Guinea’s quarry quandary

2009-11-21 13:12

AFTER a two-hour drive north from Conakry, through a landscape of dense forest and moss-covered rocks, the image on the face of Guinea’s bank note suddenly appears: the bauxite mines at Fria.

Three concrete blocks tower up, adorned with hundreds of balconies and almost as many satellite dishes. The French aluminium conglomerate, Pechiney, built these flats for its expatriate employees in 1958. France abruptly withdrew from Guinea shortly after that and Russian aluminium company Rusal bought this Guinean gem.

On the eighth floor of one tower, Bakary Kourouma, an engineer, shows me a picture the company presented to him in 2006 in recognition of his “outstanding service and contribution to the development of the factory”. Kourouma has been placed in charge of water and electricity for the town.

He earns about $180 (R1?362) a month, but after giving $40 to his mother; $20 each to his father, brother and sister; and paying for his travel to work and other expenses, he is left with just $22.

Kourouma’s bosses live in an enormous villa complex on the horizon, just visible from his balcony. Barbed wire protects the 40 Russians.

Sixty years ago this place was the small village of Kimbo. Now the village has been wiped off the map and replaced by a town of 60 000 built around Africa’s first alumina refinery.

In 1957 a group of Western businesses formed the Fria aluminium production company, although Pechiney was in charge of construction and operations. In 1973 it became Friguia, a joint venture, with Guinea holding a majority stake (51%). In 1997 Pechiney withdrew, selling the business to the state for the nominal price of $1. In 2003 the factory was privatised and sold to Rusal.

Under a cloud of bauxite dust, Fria resembles any European factory town with chimney stacks and blast furnaces, workers’ housing estates (varying in quality according to their qualifications), and community projects: a sports stadium, a swimming pool and youth centres – symbols of Pechiney’s paternalism.

Guinea has almost 16 billion tons of bauxite – an ore used to make aluminium. This is about one third of the world’s known reserves. It could continue producing at the current rate for another 1 600 years. This year bauxite, along with iron, diamonds and gold, provided 20% of Guinea’s GDP and 80% of its exports.

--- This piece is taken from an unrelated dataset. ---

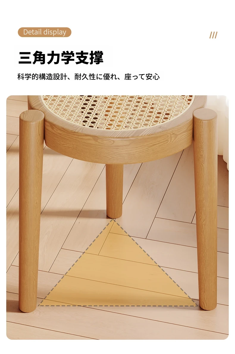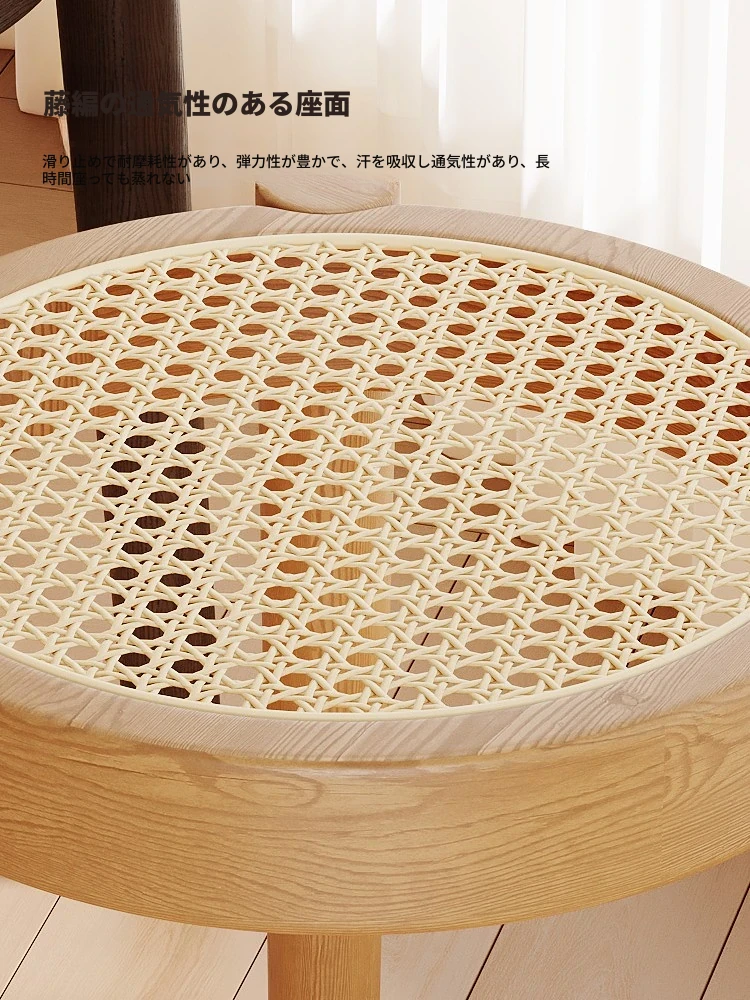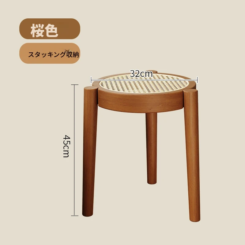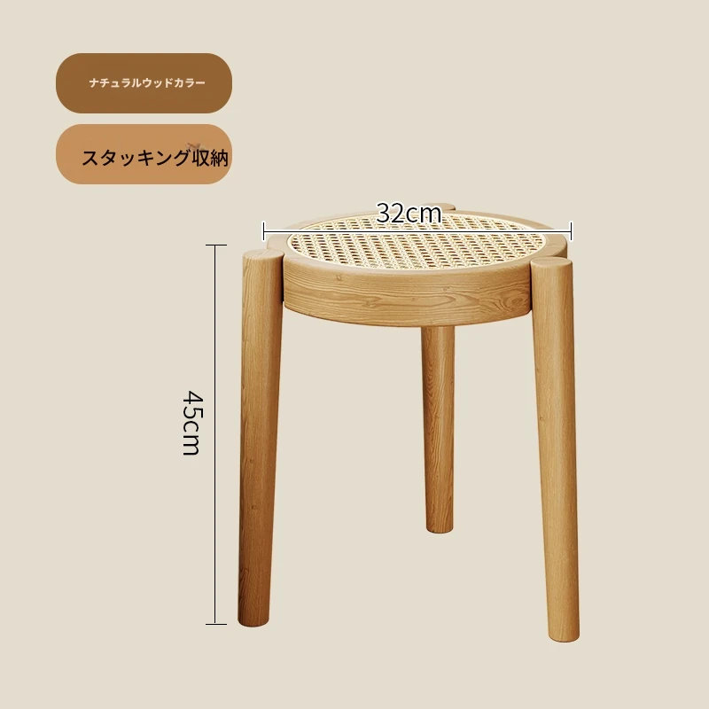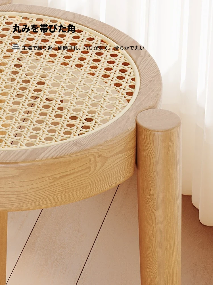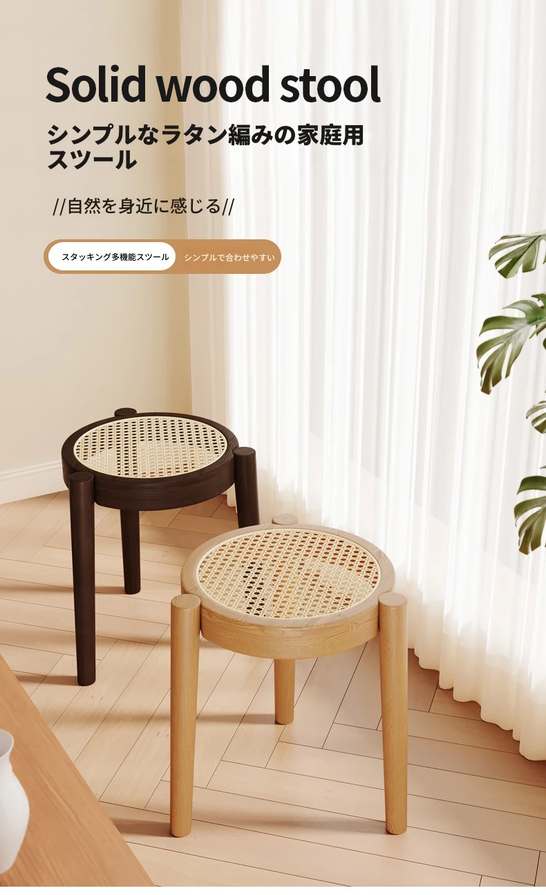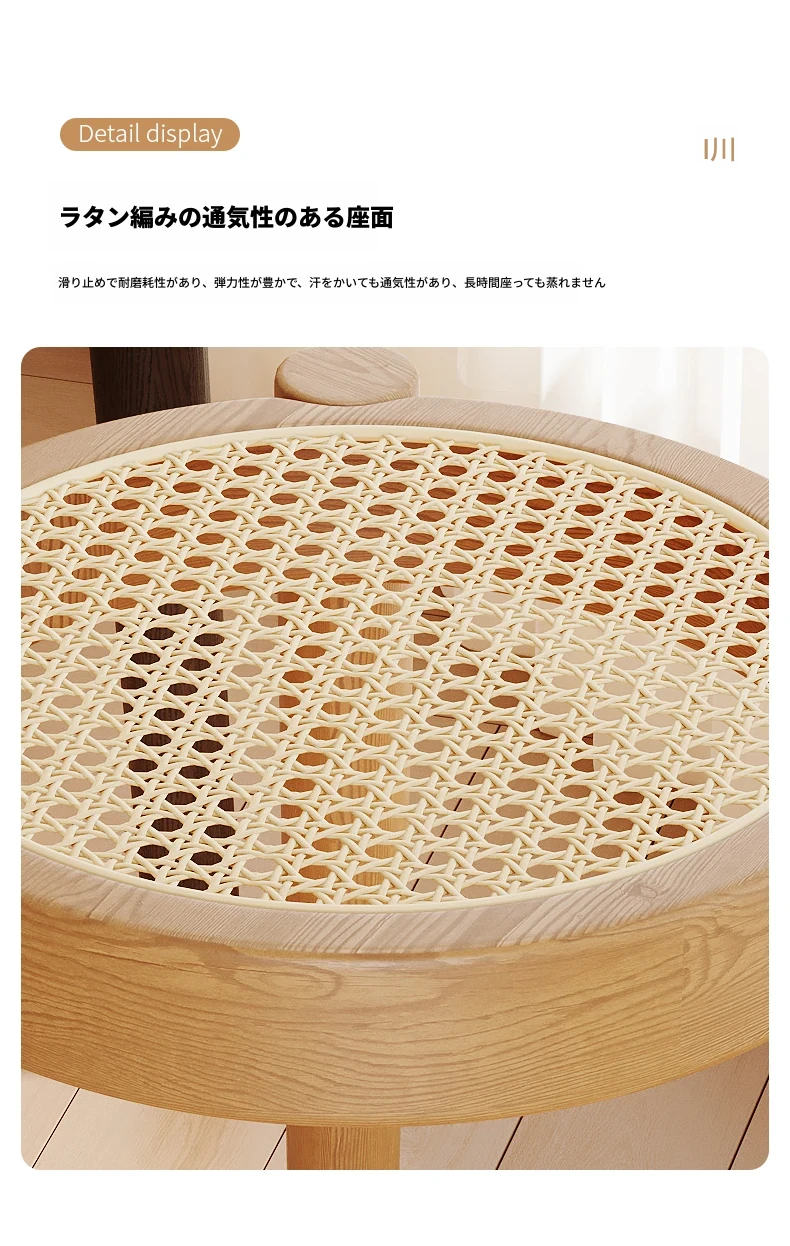 【おしゃれな実木製ダイニングスツール】家庭用・藤編みデザインの丸椅子!省スペースで重ねて収納可能、レトロな原木風でインテリアにもぴったり。ネットで話題の人気商品で、食事の時間をもっと楽しく!

When commodity prices plummeted last year, management stopped replacing worn-out machine parts. “We’re having to make do as best we can, replacing one broken part with a part from another machine,” says an employee. “Suppliers have stopped delivering altogether because so many bills remain unpaid.”

The financial crisis is the reason the company gives for not raising salaries: it is one of the few employers in Guinea who do not pay the national minimum wage of $324. Its staff bulletin, The Voice of Rusal, urges the plant’s 1?200 employees and 1?600 subcontractors to take more responsibility. “If everyone took their responsibilities seriously, our refinery would run more smoothly,” it reported last year.

Instead of complaining about the poor state of the equipment and the remoteness of the Russians (who have given no management posts to Guineans), the bulletin says workers should ask themselves: “What can I do to help the refinery in this difficult time?”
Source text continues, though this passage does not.